Knox, 13, finds what he's looking for in the corner — a blue mesh bag filled to the brim with the finest Gatorskin balls money can buy. Actually, as Knox notices, the balls are not quite in the same shape that they were at summer's start nine weeks ago. The once-taut skin has become loose, and many of the balls have holes where the unruly campers or overzealous counselors have dug their fingers a little too deep.
Having pulled a suitable dodgeball from the bag, Knox begins tossing the ball against the wall, slowly at first, but then with increasing speed. He remembers how, earlier in the week, a parent had brought a radar gun into the gym, "just for the heck of it." While even the strongest and oldest campers had topped out at 40 miles per hour, there were a handful of counselors who were throwing effortlessly above 60 mph.
Even so, Knox and the rest of the campers had never been more confident. With the youngsters having stolen a game in each of the previous two five-game sets, the counselors suddenly seemed vulnerable. Knox even had T-shirts made for his camper compatriots, emblazoned with the words "EHSC Underdogs" on the front.

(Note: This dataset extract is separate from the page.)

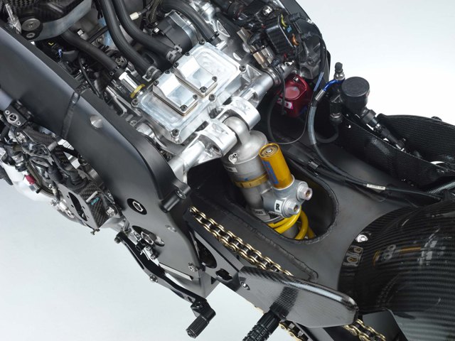Εδώ φαίνεται καθαρά η εξέλιξη στη σχεδιαστική φιλοσοφία της Yamaha, καθώς οι μοναχικοί βραχίονες που εκτείνονταν πλευρικά προς τα κάτω για να δέσουν τον κινητήρα, τώρα έχουν αντικατασταθεί με γεμάτα τρίγωνα, φανερά πιο στιβαρά.

The shirts were a fairly transparent response to the handful of shirts that the counselors created as an homage to Gordon Bombay and his Mighty Ducks.
Knox watches as campers and counselors alike shuffle into the gym on a day when the rest of eastern Long Island wouldn't dream of being indoors. While others opt for lawns, boats and beaches, for the 50 children and young adults assembled, there's hardly a place they'd rather be. Nearly 40 campers gather against the stage, and a dozen counselors stand ready against the opposing wall, separated only by 70 feet, a line of cones and seven dodgeballs. The tension in the air is palpable as the stoic counselors watch Knox and his fellow campers whoop, scream and chant, working themselves into the fervor they will need to take down Goliath.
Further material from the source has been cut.